Alain Trouvé – Université de Rouen
EPE – 17/11/2015
En somme, la sollicitude cumule deux espèces de mouvements de la cura (curare :
« soigner », « se soucier de ») : la tension inquiète et l’attention bienveillante correspondant à
ce qui a été repéré respectivement comme souci et comme soin. Il ne suffit donc pas de définir
la sollicitude comme « sentiment de responsabilité que nous éprouvons à l’égard d’autrui »
(Renaut, 2002, p. 367), car nous n’y retrouvons pas cette ambiguïté où la sollicitude désigne à
la fois l’action (comme soin) et la condition de l’action (comme souci) (Van Sevenant, op.
cit., p. 16). Même si la sollicitude se donne en en seul acte, il y a en effet deux niveaux de
sollicitude à distinguer : une sollicitude inquiète ou soucieuse et une sollicitude attentive ou
bienveillante, même si, dans la pratique, vouloir déterminer avec exactitude à quel niveau se
situe l’acte de sollicitude demeure une gageure (ibid.), car nous devinons que, dans l’action,
les deux niveaux se confondent.
Limites de la sollicitude
On aura donc saisi toute l’importance et le bien fondé d’une éthique qui prend en
considération la sollicitude vis-à-vis d’autrui (dans la sympathie et la bienveillance, dans toute
l’attention envers autrui dont on est capable), en particulier des plus vulnérables et des plus
dépendants (enfants, vieillards, handicapés, etc.).
C’est ainsi que, en ce qui concerne l’éducation, la philosophe anglaise Onora O’Neill attire
l’attention sur le fait que, aujourd’hui, les problèmes relatifs à l’enfance étant de plus en plus
exprimé en termes juridiques, leur traitement fait passer au second plan la vulnérabilité de
l’enfant, laissant ainsi échapper un ensemble d’obligations spécifiques de nature éthique.
Selon O’Neill, notre rapport à l’enfance ne devrait donc pas être uniquement juridique mais
également éthique, pour autant que l’enfant est cet être (provisoirement) vulnérable dont nous
sommes d’emblée responsables. Elle évoque à cet égard une « éthique de la sollicitude »,
laquelle devrait passer par l’élaboration d’une théorie des obligations et des devoirs (et pas
seulement des droits) à l’égard des enfants. La question mérite en effet d’être posée dans la
mesure où « dans la pratique du soutien moral, ou de la sollicitude, j’entre avec l’autre dans
une relation qui m’engage bien au-delà du simple respect de ses droits individuels » (Renaut,
2002, pp. 382-383). L’enfant est donc particulièrement concerné par notre sollicitude, non en
tant qu’être abstrait à protéger par un ensemble de droits spécifiques, mais encore en tant que,
très concrètement, il est l’objet d’un certain nombre d’obligations que nous avons en tant
qu’éducateurs à son égard (comme la disponibilité, l’empathie, la gentillesse, le soutien moral
et même la joie, soutient O’Neill). Cette éthique de la sollicitude devrait donc conditionner
l’ensemble de la relation éducative dans l’optique du caring.
Mais la question se pose de savoir comment faire d’une vertu morale se définissant comme
sentiment affectueux une obligation ? En effet, l’affection ne se commande pas : elle n’est pas
affaire de volonté pas plus que de raison. Elle se découvre en nous plutôt qu’elle se construit
par un savant calcul. Du moins, ne se donne-t-elle pas nécessairement immédiatement.

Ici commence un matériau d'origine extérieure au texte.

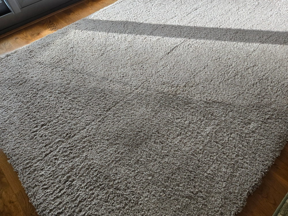 81Selling a beige shag rug that would be perfect for adding some coziness to your space. It's in great condition and ready for a new home! 5 ft. x. 7ft
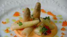 Yemas de espárragos con mahonesa de piquillos y huevas de trucha
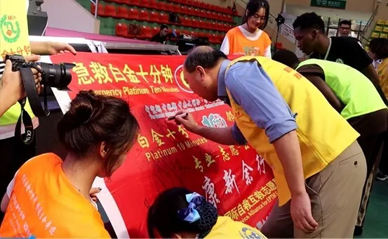 (志愿者们在“急救白金十分钟——全国(国际)自救互救活动日”红旗上签名)
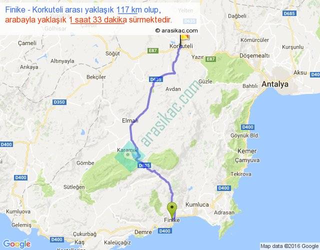 Finike - Korkuteli arası yaklaşık olarak 90 km/h ile yukarıda belirtilen sürede olup, iki yerin kuş uçuşu uzaklığı (mesafesi) 85'dir. Yolculuk otobüsle 2 saat 0 dakika sürmektedir.
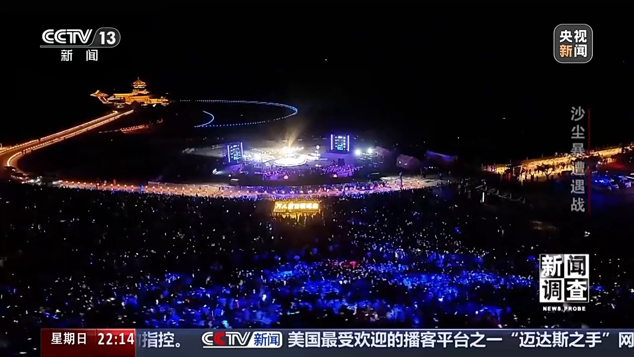敦煌市大景区管委会主任 王志明:万人星空演唱会是2023年在旅游逐步升温的过程中,游客们自发的,在山上他带个小音箱,带个这个小的,这个拍摄的东西他一开始聚个十几个人,结果后面唱着唱着规模越来越大,聚到几十个上百人跟上,就待在那唱,后面山上坐着唱。我们的工作人员也很用心,发现之后就跟中心管委会的领导商量,说我们能不能迎合游客的需求。2024年市委、市政府投了1000多万做了一个改造提升,我们就请专业的设计师把这个音响做了改造提升,在做的那些山上山下的区域几乎可以听到差不多同样的效果。第二,我们采取了一些灯光设计,一下把这个观众席上这种氛围一下就起来了。观众席上彩灯一炫,一下情绪就可以带动起来。第三,我们增加了一些投影设备,观众对面,西边的这个小山坡,把歌词就打到沙坪上面。露天卡拉OK,免费的露天卡拉OK。结果越做这个反响越大,后面我们就请了专业的DJ,2023年可能在最红的时候也就接近万人。但是2024年应该是高峰期,基本上都是万人以上。
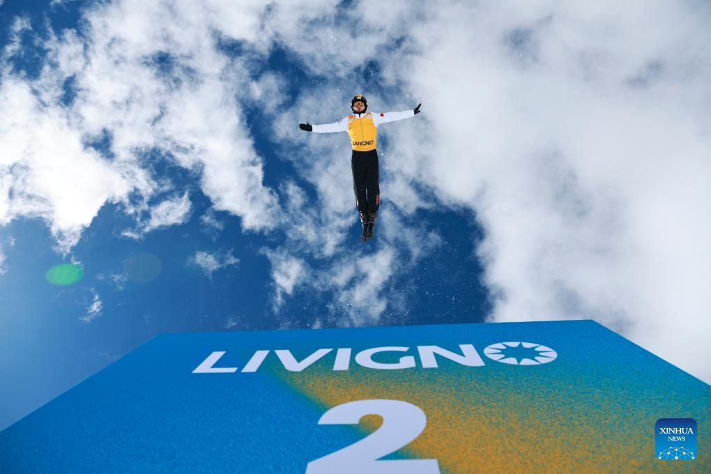 China's Li Tianma attends a practice session before the 2024-2025 FIS Freestyle Ski World Cup at the Livigno Aerials & Moguls Park, in Livigno, Italy, March 11, 2025. (Xinhua/Li Jing)
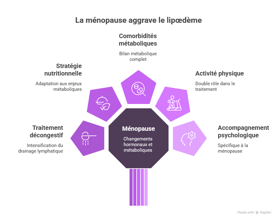 La prise en charge psychologique — thérapie cognitive et comportementale (TCC), accompagnement en groupe de soutien, et si nécessaire traitement médicamenteux des troubles dépressifs ou anxieux — est indissociable de la prise en charge somatique du lipœdème en période ménopausique.
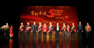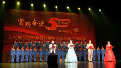 2010年11月7日上午,煙臺(tái)富野機(jī)械集團(tuán)有限公司成立五十周年盛典暨大型文藝演出在煙臺(tái)大劇院隆重舉行。中國(guó)對(duì)外經(jīng)貿(mào)企業(yè)協(xié)會(huì)副會(huì)長(zhǎng)、山東省對(duì)外經(jīng)貿(mào)協(xié)會(huì)煙臺(tái)分會(huì)會(huì)長(zhǎng)許志強(qiáng),煙臺(tái)市經(jīng)濟(jì)和信息化委員會(huì)主任孫濤,煙臺(tái)市工商業(yè)聯(lián)合會(huì)主席夏曉峰,煙臺(tái)市民營(yíng)企業(yè)協(xié)會(huì)會(huì)長(zhǎng)欒魯閩,煙臺(tái)市機(jī)電國(guó)有控股有限公司董事長(zhǎng)趙衛(wèi)紅,煙臺(tái)市總工會(huì)副主席張曉東,原煙臺(tái)市機(jī)械局的領(lǐng)導(dǎo)、機(jī)械行業(yè)企業(yè)及其他兄弟企事業(yè)單位的代表、集團(tuán)老領(lǐng)導(dǎo)以及集團(tuán)所屬各企業(yè)1100余名員工共同參加了慶典活動(dòng)。
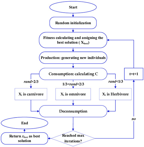 The AEO flowchart is presented in Figure 2. As explained in Figure 2, in the consumption stage, the consumer feeds on another consumer with a lower energy level or on a producer. For the consumer classes, carnivores, herbivores, and omnivores.
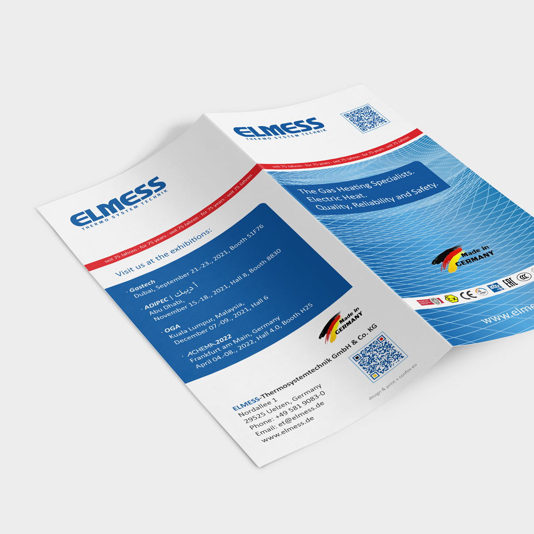 Im Auftrag der Elmess Thermosystemtechnik GmbH & Co KG aus der Hansestadt Uelzen haben wir Flyer und DIN-A1-Plakate für einen Messestand in Dubai und Texas entwickelt und gedruckt.
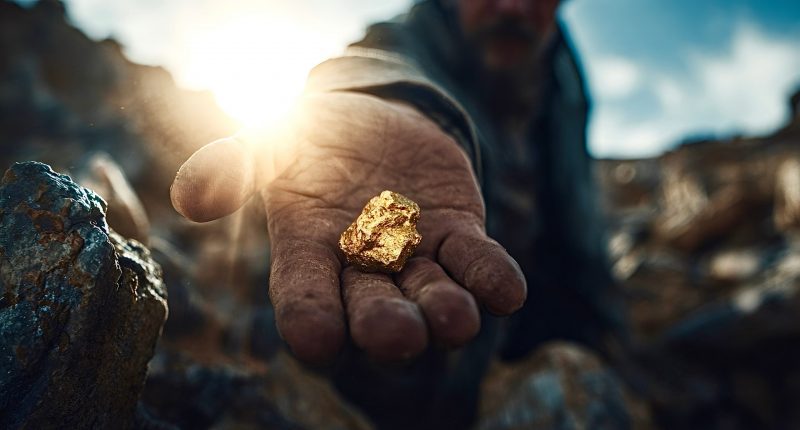 Prospector with gold nugget. (Source: Adobe Stock. Generated by AI)
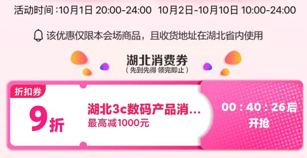 10月2日后每日领取、使用时间为10:00-24:00。线下3C数码产品消费券每日领取、使用时间为10:00-21:00。

Tributaire du conflit entre raison et sensibilité, la question se pose donc de la possibilité d’un
apprentissage de la sollicitude.
Or – seconde limite – il s’avère que la sollicitude elle-même peut faire obstacle aux fins
qu’elle se propose, c’est-à-dire qu’elle tombe en contradiction avec elle-même. C’est le cas
notamment lorsqu’elle vire au sentimentalisme qui brouille le sens moral et fait obstacle à la
lucidité du raisonnement. En effet, le sentimentalisme est une exagération du sentiment. En ce
sens il en est l’exact opposé dans la mesure où il en est simplement l’expression sans en être
véritablement l’épreuve, comme le remarque P. Forest dans L’enfant éternel (p. 314) : « Le
sentimentalisme, c’est l’impunité des larmes, le confort du pathos, la compassion distante.